瞬時に移動したのか。あるいは最初からそこに居たのか。黒の心臓の上に立つ、悪魔の叫び。音としては微細な振動に過ぎない。しかし、それは単なる音ではなかった。それは破滅をもたらす音塊。衝撃を見舞う。破壊を見舞う。強烈無比な音響攻撃ともなった絶叫ひとつが、黒の心臓に無慈悲な一撃を加えた。

2015-07-04 20:36:18
リコルドライト @recauldlight

そんな中で口早に並べられていく、悪魔の言葉。鉄の心臓は聞いていない。届いていない。ただただ、自らに起きた想定外の情報を認識するため、内部処理を行うだけが精々で。永久に続くはずだった真実(こたえ)が破られ、中断させられたことで。機械は戸惑うのみ。

2015-07-04 20:36:47
リコルドライト @recauldlight

けれど、鉄に向けられた怒号を耳にする者が居た。諦めかけていた光の乙女だ。力無く両膝をついて、黒の床に座り込んで。下半身が沼に浸るみたいに沈みかけていた乙女、伏せていた顔を上げた。ゆっくりと。弱々しく

2015-07-04 20:36:52
リコルドライト @recauldlight

違う。自ら上げたわけではなかった。気が付けば、悪魔の少女。己の目前に。伏せていた顔に両手を添えて、持ち上げてくれていたのだ。

2015-07-04 20:36:58
リコルドライト @recauldlight

黒の心臓が脈絡も無しに、ひとりでに潰れて、砕けていく。その光景を背負う悪魔の姿、光の乙女は仰ぎ見る。悪魔の、決意に満ちた眼差し。真っ直ぐに受け止める。

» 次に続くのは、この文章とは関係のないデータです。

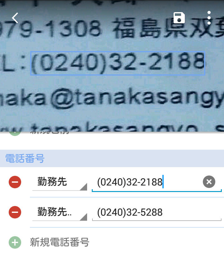 編集したいフィールドをクリックした、上方に該当フィールドのオリジナル画像を表示され、照合できます。この機能はこのモバイルフォンが撮影した名刺のみに適用します。インポートされたデータは適用しません。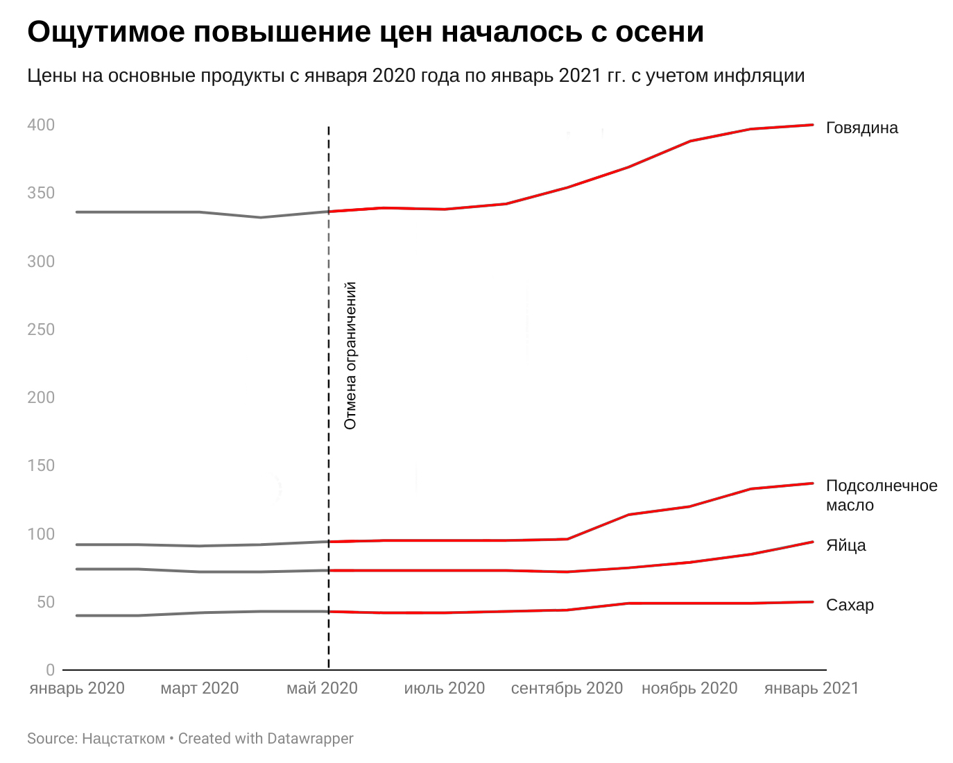 После того как сняли жесткий карантинный режим, основные продукты начали дорожать. Например, лимон и чеснок, которые якобы помогают не заболеть коронавирусом, начали резко дорожать в апреле, а говядина в августе. В сентябре начали расти цены на яйцо, подсолнечное масло и сахар.

見つめ返す。

2015-07-04 20:37:47
リコルドライト @recauldlight

「……そうなんだ」青ざめていた唇から、ぽつりと洩れた言葉。枯れたような声音。「そうなんですね、ルー」でも、その呟きは確信の光に満ちていた。虚ろだった瞳に、目つきに、表情に。光が宿る。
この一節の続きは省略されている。